Access Open WebUI at http://[YOUR-IP]:3000. Create an account (local — no external service). You’ll see all your Ollama models listed. Start a conversation exactly like ChatGPT.

Step 5: Expose Ollama to Your Local Network

By default, Ollama only listens on localhost. To use it from other devices on your network (phone, laptop, or other containers):

sudo systemctl edit ollama

Add:

[Service]
Environment="OLLAMA_HOST=0.0.0.0:11434"

sudo systemctl daemon-reload
sudo systemctl restart ollama

Now Ollama’s API is accessible at http://[YOUR-IP]:11434 from any device on your network. This allows:

Open WebUI running on a different machine
Direct API calls from scripts on other devices
Integration with Home Assistant’s ollama integration

Step 6: API Usage

Ollama exposes an OpenAI-compatible API. Use it from Python scripts, Home Assistant, n8n, or any application that supports the OpenAI API format:

# Python example using the openai library
from openai import OpenAI

client = OpenAI(
    base_url="http://192.168.1.50:11434/v1",
    api_key="ollama",  # required but not validated
)

response = client.chat.completions.create(
    model="llama3.1:8b",
    messages=[
        {"role": "user", "content": "What are the best practices for Docker networking?"}
    ]
)

print(response.choices[0].message.content)

Troubleshooting

Ollama runs on CPU despite ROCm being installed

Verify the HSA override is set: echo $HSA_OVERRIDE_GFX_VERSION should return 11.0.0. Check the Ollama service environment: sudo systemctl show ollama | grep Environment. If missing, re-edit the systemd override.

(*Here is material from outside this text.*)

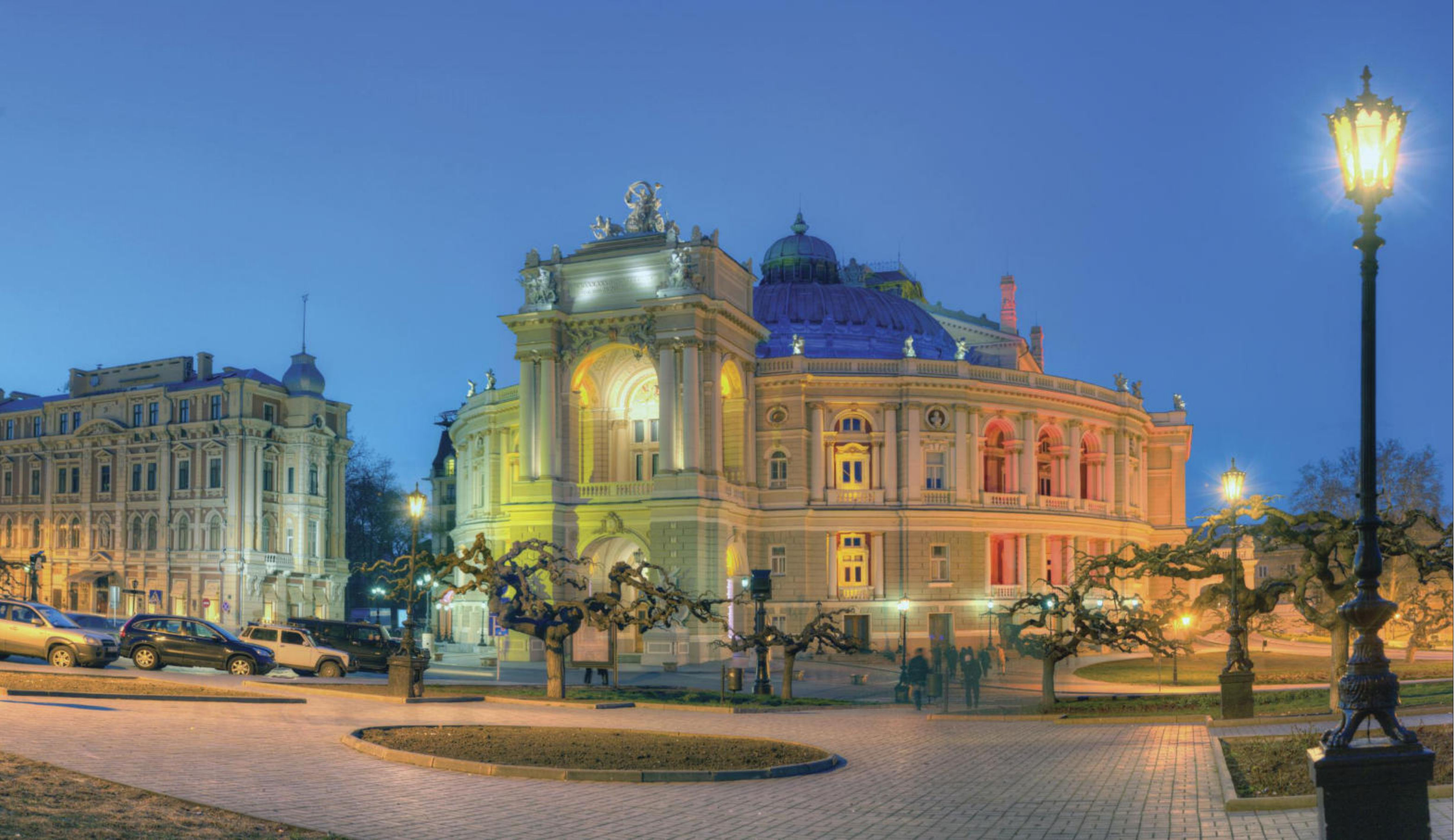
Одеса, оперний театр

ROCm install fails with “package not found”

The ROCm version for Debian 12 vs. Ubuntu 22.04/24.04 differs. Verify you’re using the correct package URL from repo.radeon.com for your exact OS version.

Model runs out of memory

Reduce the model quantization: llama3.1:7b (Q4) uses less memory than llama3.1:7b:q8. Alternatively, set OLLAMA_MAX_LOADED_MODELS=1 to prevent multiple models loading simultaneously.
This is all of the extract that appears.